Missense and LOF variants for which no homozygous individuals for the alternative allele are observed
Further analysis of the annotated variants revealed the presence of 14,469 missense and LOF variants with a significant biological impact based on SIFT predictions and for which no homozygous animal carrying the alternative allele was observed among the 274 WGS (see Additional file 4). These were subsequently considered as our study panel in the rest of this paper.
This study panel contains 772 frameshift variants, 12,008 missense mutations with a deleterious effect predicted by SIFT with a score between 0 and 0.05, 67 start-lost variants, 583 stop variants (25 stop-lost and 558 stop-gained) and 1039 splice variants (264 splice-acceptor and 775 splice-donor variants).
The genotype distribution of our study panel revealed that seven frameshift variants were breed-specific (Table 4). Integrated Genome Viewer (IGV) visualization and inspections of BAM files for animals carrying these mutations revealed that four of the seven frameshift mutations were spurious variant calls (results not shown). The three remaining frameshift variants could be visualized and confirmed by IGV and were therefore considered as true variants. First, a five nucleotide insertion (-/CACGT) at position 66,552,044 on BTA1 was identified in two Blonde d’Aquitaine animals. This frameshift mutation was absent in both the Ensembl database and in the most recent 1000 bull genomes project dataset which contains small genomic variations for 1577 animals corresponding to 48 different breeds (Daetwyler HD, personal communication). This mutation affects the sequences of A-family polymerase theta (POLQ) gene by producing a frameshift insertion between amino acids number 2728 and 2729 just before the termination site. It induces a frameshift in the open reading frame which results in the addition of ten new amino acids followed by a new downstream termination site. The POLQ gene has been identified in several other species and was reported to play a major role in the DNA repair mechanism of double strand breaks (DSB) by alternative end-joining (alt-EJ; also called alternative non homologous end-joining (alt-NHEJ) or microhomology-mediated end joining)) [29–33]. Unlike the classical non homologous end-joining (c-NHEJ) mechanism, alt-EJ depends on resection of DNA ends to find microhomologies, which results in larger deletions and insertions [34, 35]. Inhibition of POLQ functions in mice were reported to be associated with chromosome instability phenotypes . In mammalian cells, POLQ promotes the formation of chromosomal translocations and is essential for survival when the homology-directed repair (HDR) mechanism is impaired , which suggests that this mutation may cause embryonic lethality in cattle.
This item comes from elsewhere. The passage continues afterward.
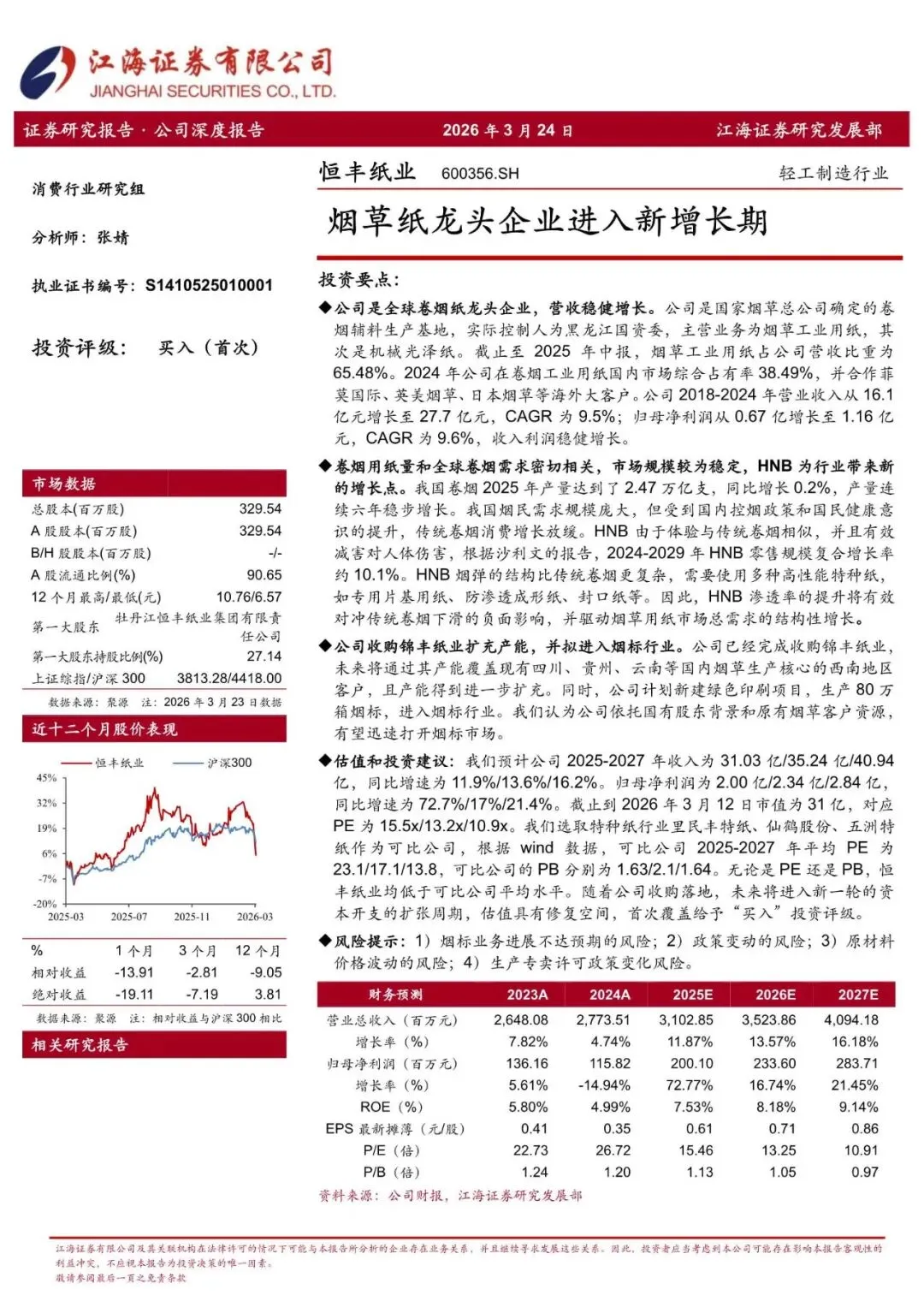 恒丰纸业(600356)烟草纸龙头企业进入新增长期-260324-江海证券-23页
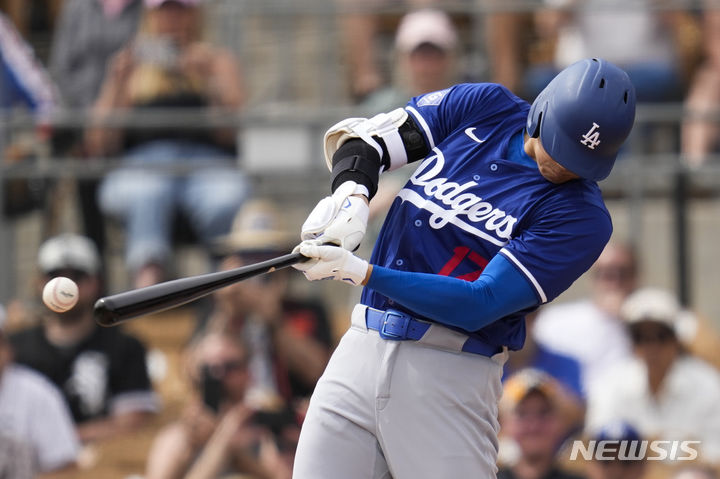 [피닉스=AP/뉴시스] 로스앤젤레스 다저스의 지명타자 오타니 쇼헤이가 6일(현지시각) 미 애리조나주 피닉스의 캐멀백 랜치에서 열린 2024 메이저리그(MLB) 시카고 화이트삭스와의 시범 경기 1회 안타를 치고 있다. 전날 무안타를 기록했던 오타니는 2타수 2안타 1득점 1타점 1도루를 기록하며 팀의 12-9 승리에 기여했다. 2024.03.07.

The two other frameshift mutations were identified in the Charolaise breed. The first one is a GACC insertion at position 149,472 on BTA19 and is located within an olfactory receptor gene coding sequence (ENSBTAG00000045560). This variant was identified in three samples in our dataset and is also present in the Ensembl database. It leads to a frameshift mutation within the 7tm_1 (PF000001) pfam domain at amino acids 81 and 82 and creates 39 new amino acids followed by a termination site, thus producing a truncated protein, which contains only 26% (82 of 311 amino acids) of the wild type protein. The second frameshift mutation is a four nucleotide (-/AGTT) insertion identified at position 21,913,213 on BTA18. It was identified in two samples in our panel but it is absent in the Ensembl database. It is located within the retinoblastoma-like 2 (RBL2) coding gene region and leads to a frameshift mutation within the RB_B box (PF01857 pfam domain) at amino acids 890–891, thus introducing 26 new amino acids before creating a premature termination site. Thus, a truncated protein representing only 78% (890/1140 amino acids) of the wild type protein is produced. RBL2, also called pRb2/p130, is a member of the retinoblastoma family of tumor suppressors  and its expression was reported to be altered in several cancer types [38–40]. RBL2 interacts with the E2F4 and E2F5 transcription factors and results in negative regulation of the cell cycle . It is also involved in many other cellular processes, such as regulation of apoptosis and differentiation  and control of the length of telomeres .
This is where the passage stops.